I want know whether there's some way other than offset to fetch data with respect to time interval? Say, I want to consume all the date of yesterday, how do I do it?
-
Two-step process: Find the offset ranges that correspond to your date range and then consume those (by offset). https://stackoverflow.com/questions/39514167/retrieve-timestamp-based-data-from-kafka – Thilo May 18 '18 at 07:01
-
@Thilo thanks for the comment, I did see that old thread and was wondering whether any change happened.. it means that I store offset details somewhere off the Kafka and based on that I query Kafka, right? – Volatil3 May 18 '18 at 07:04
-
Not necessarily. Recent Kafka versions do include a timestamp on all messages. So no need for off-Kafka storage. – Thilo May 18 '18 at 07:05
-
@Thilo can you please help me to find some example to access messages w.r.t timestamp? I am implementing in Python but Java example will work.. I could not find myself as yet. – Volatil3 May 18 '18 at 07:09
-
I'm not familiar with the Python API, but if you can access record metadata (offset, partition number) when you consume messages, then there should also be the timestamp. – Thilo May 18 '18 at 07:14
3 Answers
Use offsetsForTimes to get right offset related to the required timestamp. In Python it will be like next:
from datetime import datetime
from kafka import KafkaConsumer, TopicPartition
topic = "www.kilskil.com"
broker = "localhost:9092"
# lets check messages of the first day in New Year
date_in = datetime(2019,1,1)
date_out = datetime(2019,1,2)
consumer = KafkaConsumer(topic, bootstrap_servers=broker, enable_auto_commit=True)
consumer.poll() # we need to read message or call dumb poll before seeking the right position
tp = TopicPartition(topic, 0) # partition n. 0
# in simple case without any special kafka configuration there is only one partition for each topic channel
# and it's number is 0
# in fact you asked about how to use 2 methods: offsets_for_times() and seek()
rec_in = consumer.offsets_for_times({tp:date_in.timestamp() * 1000})
rec_out = consumer.offsets_for_times({tp:date_out.timestamp() * 1000})
consumer.seek(tp, rec_in[tp].offset) # lets go to the first message in New Year!
c = 0
for msg in consumer:
if msg.offset >= rec_out[tp].offset:
break
c += 1
# message also has .timestamp field
print("{c} messages between {_in} and {_out}".format(c=c, _in=str(date_in), _out=str(date_out)))
Don't forget that Kafka measures timestamp in milliseconds and it have long type.
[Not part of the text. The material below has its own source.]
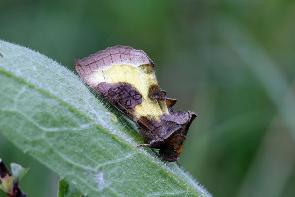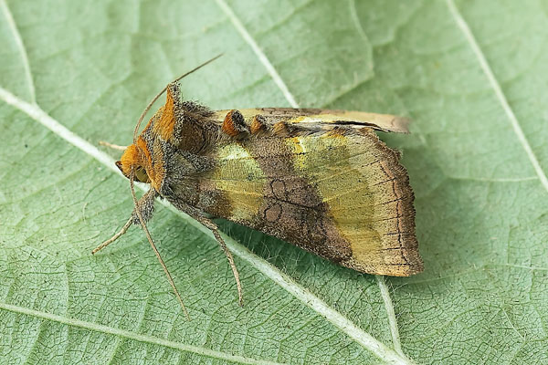 Form tutti. Taken at Bernwood Forest, Bucks, on June 15th 2014. (© David Hastings) (1/125th sec at f13) Form aurea. Taken at Aston, Oxon., on June 5th 2025. (© David Hastings) (1/100th sec at f/11) DescriptionFamily: Noctuidae (ABH : 73.012) Wing span: 32 - 38mm This species has a broad, hooked forewing with a bold, shiny, metallic yellow or greenish-yellow pattern. In form aurea the broad brown central cross-band is entire. In form tutti it is broken into two blotches. It is found throughout the British Isles. Habitats are gardens, hedgerows, ditch-banks, marshes, fens, wood edges and other rough sward. In the south of England there are two generations, June/July and August/September. There is often a partial second generation further north. In Scotland and Ireland there is one generation from June to early August. It over-winters as a small larva. The most frequent larval foodplant is Common Nettle, but other herbaceous plants are also used. It flies at dusk, when it visits flowers. It comes to light. Earliest UK sighting: 5th June ; Latest UK sighting: 26th September Sightings

Python lib datetime return timestamps in seconds so we need to multiply it by 1000. Method offsets_for_times
returns a dict with TopicPartition
keys and OffsetAndTimestamp
values.

- 243
- 4
- 14
-
Is there a way to handle date_out > latest offset timestamp scenario ? looks like it will fail now – SureshCS Aug 11 '20 at 11:19
-
-
You can find the earliest offset for the beginning of the specified time interval and rewind to this offset. However, it is difficult to understand where the end of the interval is as the records with the earliest timestamps may arrive later. So you can consume the records from the start of the interval until you find the records with timestamps later than the endTime plus some more records to catch the late messages.
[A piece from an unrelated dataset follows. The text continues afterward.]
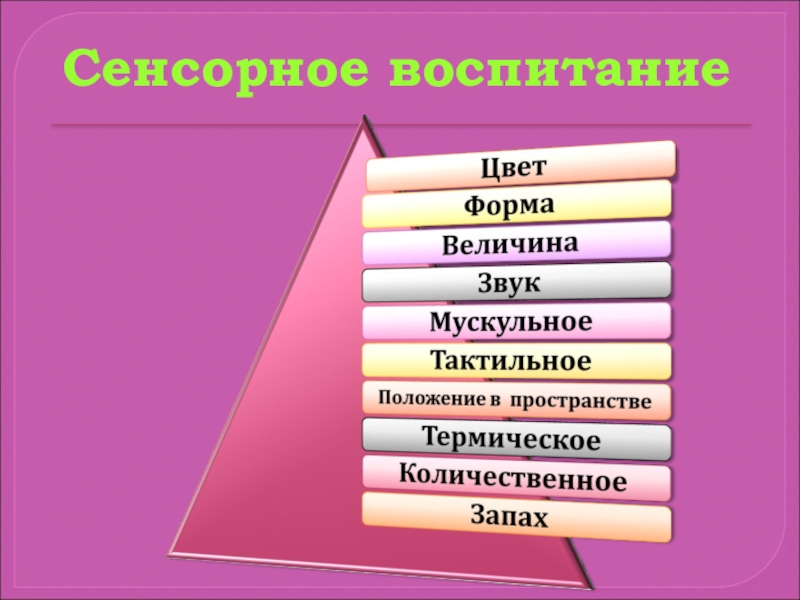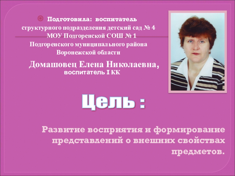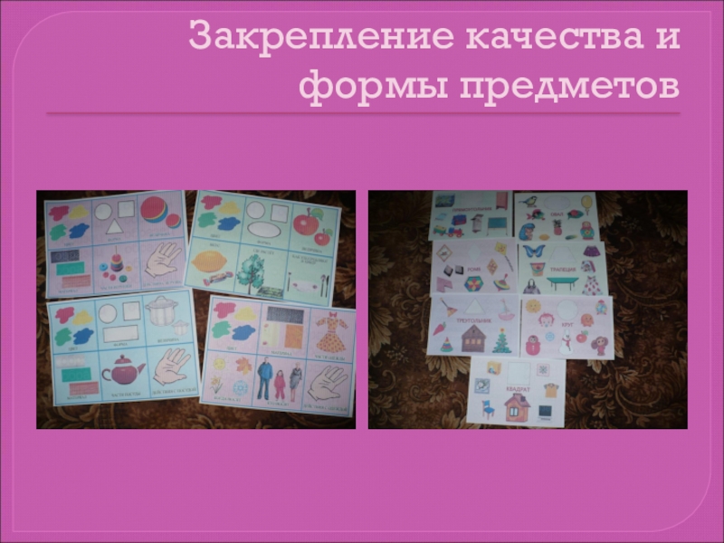Развивать восприятие и формировать представления о внешних свойствах предметов.

The code for the rewinding to the startTime is:
public void rewind(DateTime time) {
Set<TopicPartition> assignments = consumer.assignment();
Map<TopicPartition, Long> query = new HashMap<>();
for (TopicPartition topicPartition : assignments) {
query.put(topicPartition, time.getMillis());
}
Map<TopicPartition, OffsetAndTimestamp> result = consumer.offsetsForTimes(query);
result.entrySet().stream().forEach(entry -> consumer.seek(entry.getKey(),
Optional.ofNullable(entry.getValue()).map(OffsetAndTimestamp::offset).orElse(new Long(0))));
}

- 1,483
- 9
- 16
Here is a minimalistic example in python with multiple partitions
from kafka import KafkaConsumer, TopicPartition
from datetime import datetime, timedelta
consumer = KafkaConsumer("test", bootstrap_servers="localhost:9092", group_id="group1", max_poll_records=5)
consumer.poll()
assignment = consumer.assignment()
date_in = datetime.now() - timedelta(minutes=50)
date_out = datetime.now() - timedelta(minutes=20)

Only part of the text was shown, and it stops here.